Assigned task – Skip the pictures and write out, word for word, the lines below from the one with "Köket hos fru" through the one with "Off White Graphic", inclusive.

---------- Records for processing

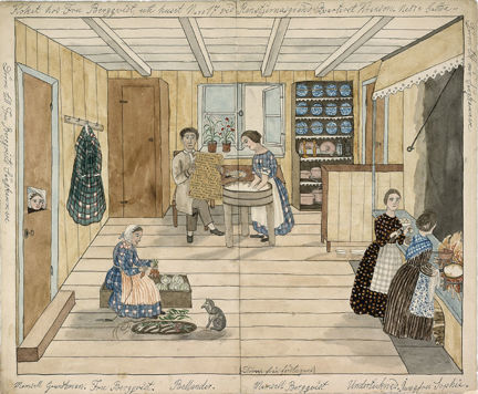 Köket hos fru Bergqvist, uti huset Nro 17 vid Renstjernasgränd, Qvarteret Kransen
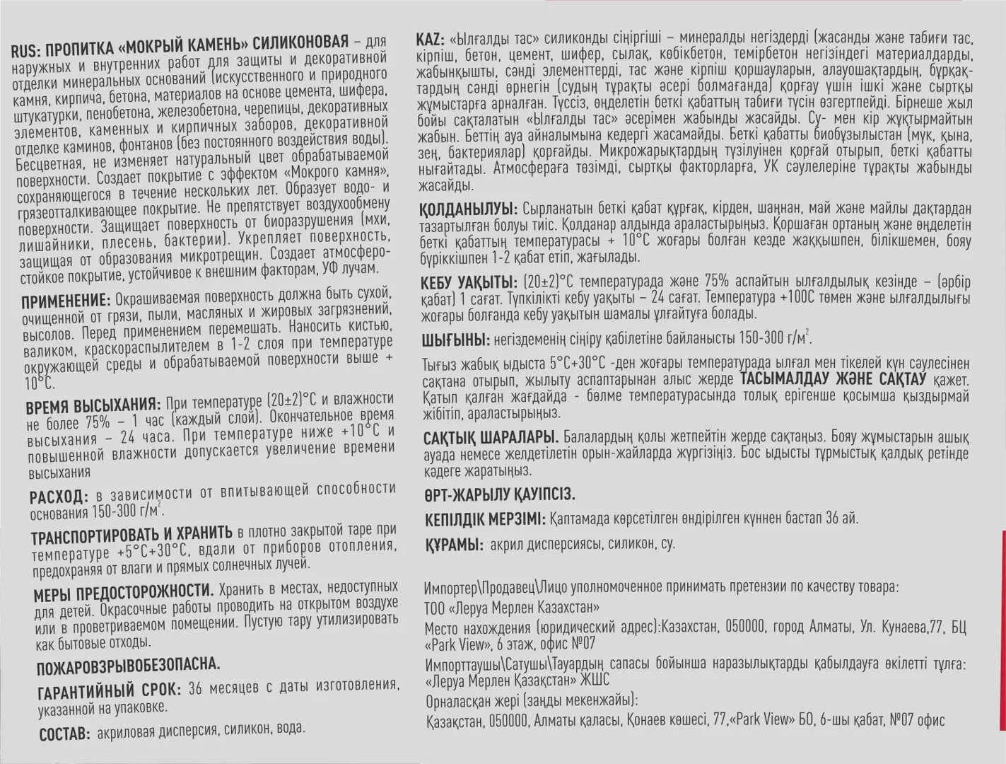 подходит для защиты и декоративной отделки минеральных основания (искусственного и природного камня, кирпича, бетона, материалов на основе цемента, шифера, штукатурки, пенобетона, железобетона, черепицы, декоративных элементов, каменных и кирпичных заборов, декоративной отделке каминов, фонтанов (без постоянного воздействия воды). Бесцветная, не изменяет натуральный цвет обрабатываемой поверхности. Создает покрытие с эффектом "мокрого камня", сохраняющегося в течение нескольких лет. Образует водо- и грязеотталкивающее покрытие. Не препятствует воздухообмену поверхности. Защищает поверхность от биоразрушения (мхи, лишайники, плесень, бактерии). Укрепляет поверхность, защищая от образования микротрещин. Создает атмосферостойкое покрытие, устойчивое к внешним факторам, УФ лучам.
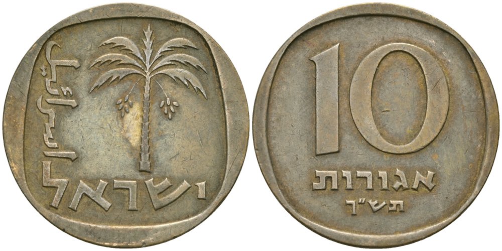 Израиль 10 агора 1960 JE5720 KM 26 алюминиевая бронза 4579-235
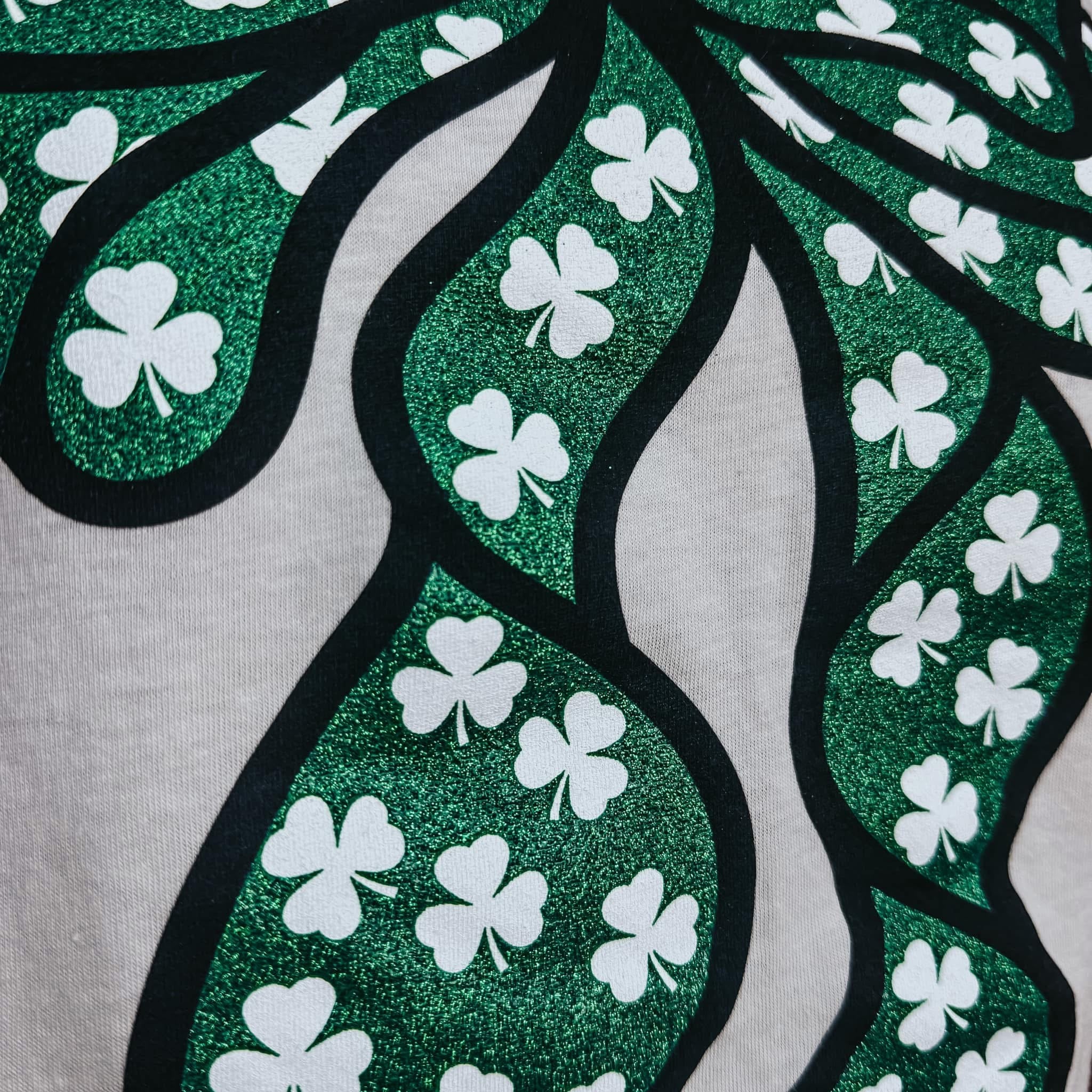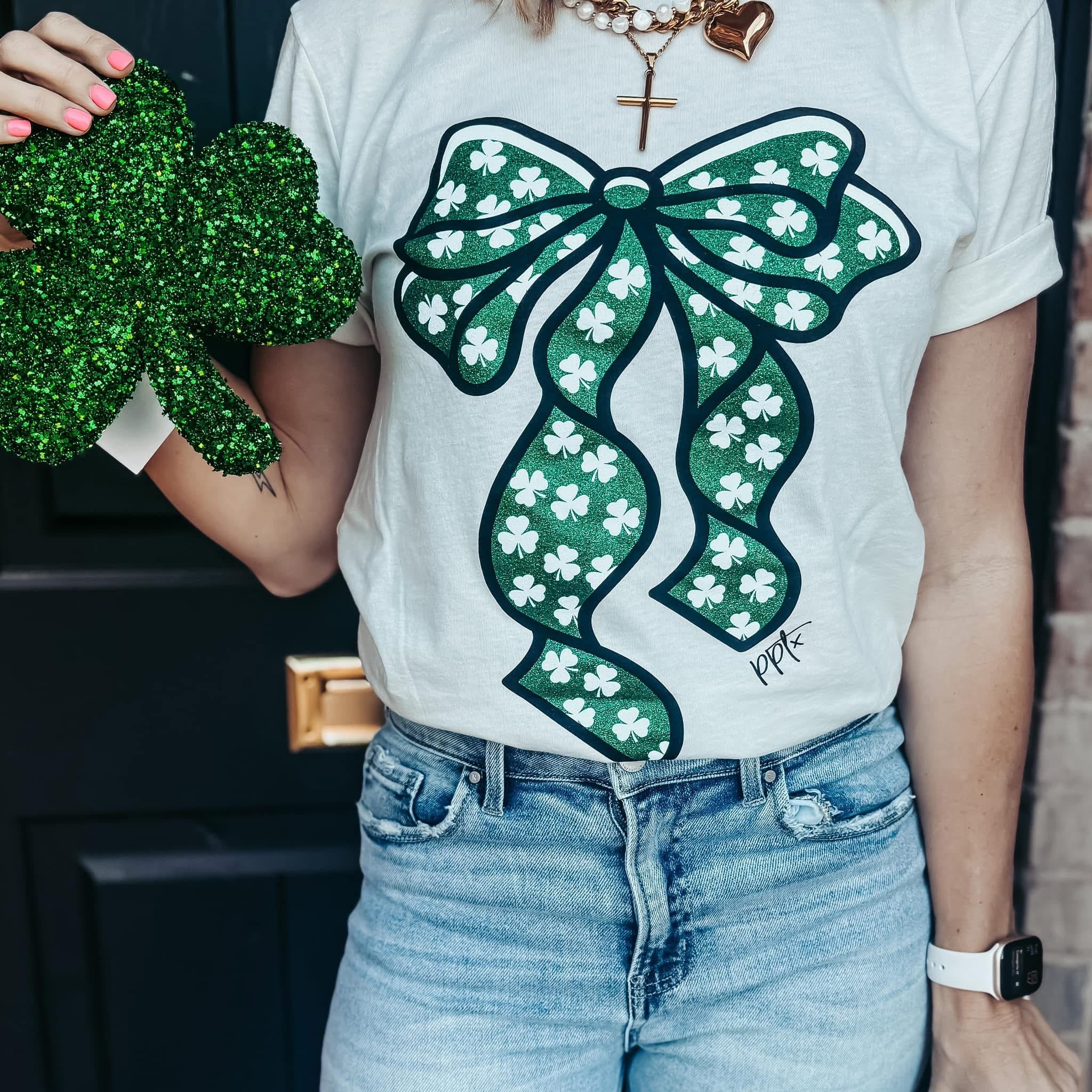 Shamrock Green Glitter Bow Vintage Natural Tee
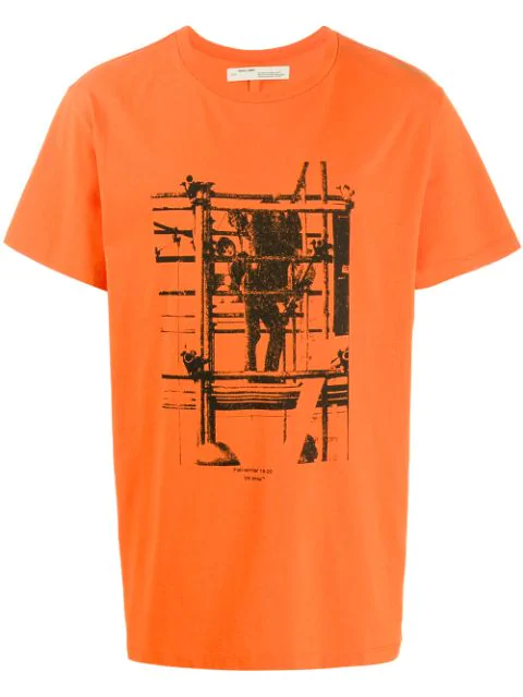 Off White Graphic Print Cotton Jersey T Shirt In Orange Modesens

--------------------
---------- Records for processing

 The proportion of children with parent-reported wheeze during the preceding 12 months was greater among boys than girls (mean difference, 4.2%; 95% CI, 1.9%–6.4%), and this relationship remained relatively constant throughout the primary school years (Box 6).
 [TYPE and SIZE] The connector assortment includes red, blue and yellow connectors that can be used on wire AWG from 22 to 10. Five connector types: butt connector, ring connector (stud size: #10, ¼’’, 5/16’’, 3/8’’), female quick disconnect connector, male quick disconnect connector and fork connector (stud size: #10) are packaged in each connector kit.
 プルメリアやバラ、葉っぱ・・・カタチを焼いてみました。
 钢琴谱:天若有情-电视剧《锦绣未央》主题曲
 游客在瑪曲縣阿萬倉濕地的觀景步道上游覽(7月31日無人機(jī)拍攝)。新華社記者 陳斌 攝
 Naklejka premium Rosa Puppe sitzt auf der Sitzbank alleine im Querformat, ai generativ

--------------------
---------- Records for processing

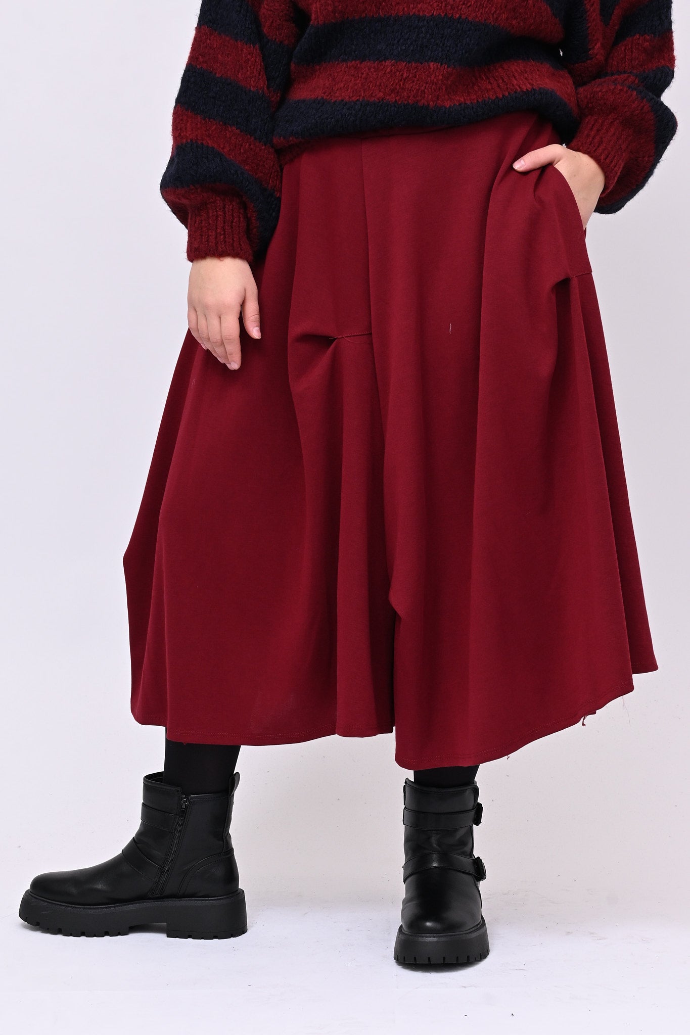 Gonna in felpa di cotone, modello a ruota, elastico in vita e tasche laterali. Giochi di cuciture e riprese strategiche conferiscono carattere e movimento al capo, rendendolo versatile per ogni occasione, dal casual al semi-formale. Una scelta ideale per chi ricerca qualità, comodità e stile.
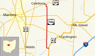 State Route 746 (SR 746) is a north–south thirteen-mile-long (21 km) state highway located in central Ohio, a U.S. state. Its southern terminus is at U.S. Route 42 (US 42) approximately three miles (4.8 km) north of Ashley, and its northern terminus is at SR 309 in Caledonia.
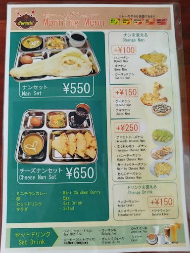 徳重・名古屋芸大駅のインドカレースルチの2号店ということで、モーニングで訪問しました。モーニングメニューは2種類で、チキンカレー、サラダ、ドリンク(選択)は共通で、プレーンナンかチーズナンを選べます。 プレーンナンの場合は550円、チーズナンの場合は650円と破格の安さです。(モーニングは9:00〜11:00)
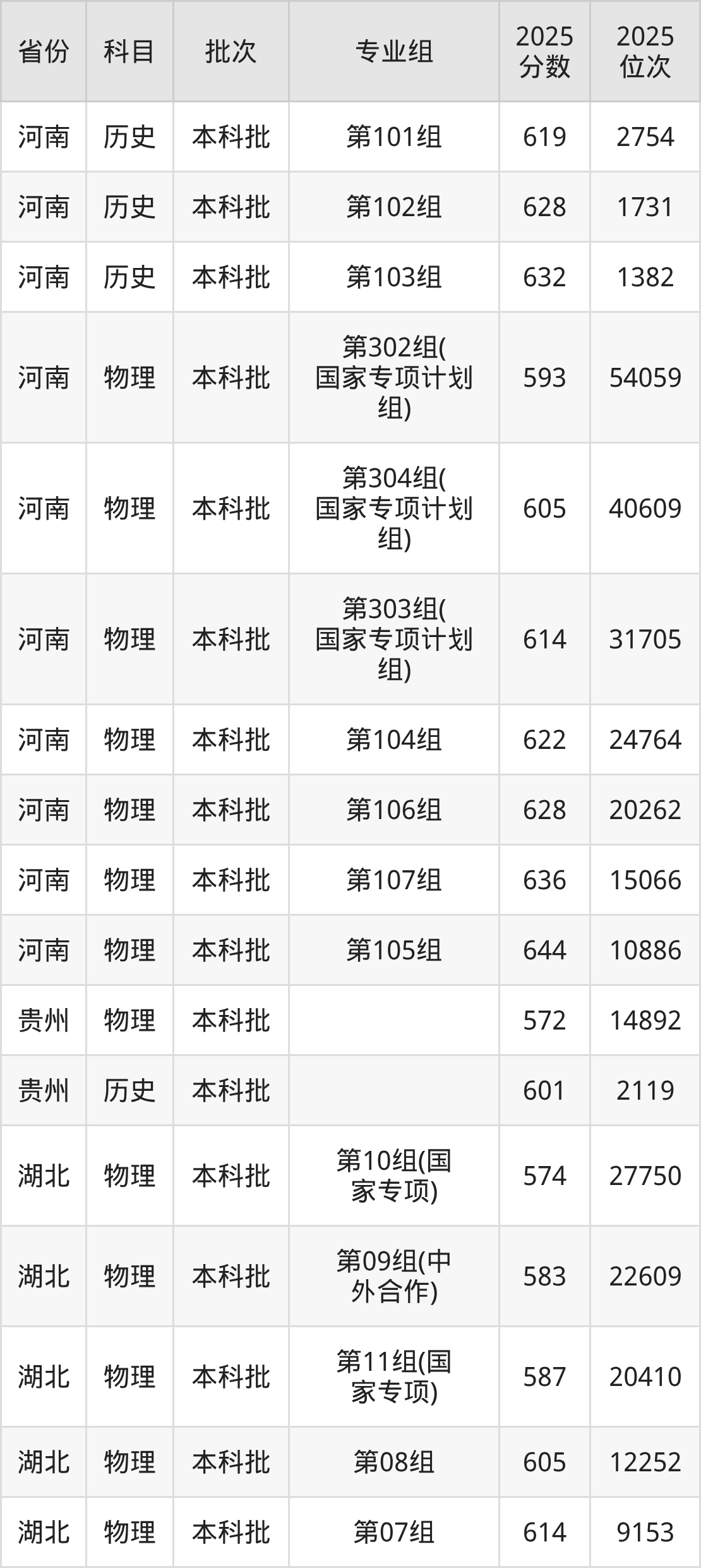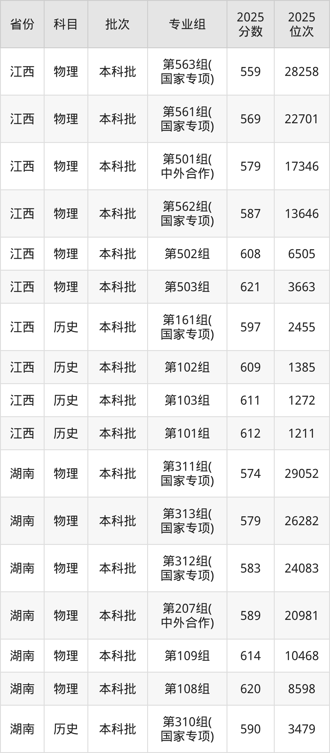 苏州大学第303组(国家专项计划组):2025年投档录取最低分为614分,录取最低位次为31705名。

--------------------

Task result –
 Köket hos fru Bergqvist, uti huset Nro 17 vid Renstjernasgränd, Qvarteret Kransen
 подходит для защиты и декоративной отделки минеральных основания (искусственного и природного камня, кирпича, бетона, материалов на основе цемента, шифера, штукатурки, пенобетона, железобетона, черепицы, декоративных элементов, каменных и кирпичных заборов, декоративной отделке каминов, фонтанов (без постоянного воздействия воды). Бесцветная, не изменяет натуральный цвет обрабатываемой поверхности. Создает покрытие с эффектом "мокрого камня", сохраняющегося в течение нескольких лет. Образует водо- и грязеотталкивающее покрытие. Не препятствует воздухообмену поверхности. Защищает поверхность от биоразрушения (мхи, лишайники, плесень, бактерии). Укрепляет поверхность, защищая от образования микротрещин. Создает атмосферостойкое покрытие, устойчивое к внешним факторам, УФ лучам.
 Израиль 10 агора 1960 JE5720 KM 26 алюминиевая бронза 4579-235
 Shamrock Green Glitter Bow Vintage Natural Tee
 Off White Graphic Print Cotton Jersey T Shirt In Orange Modesens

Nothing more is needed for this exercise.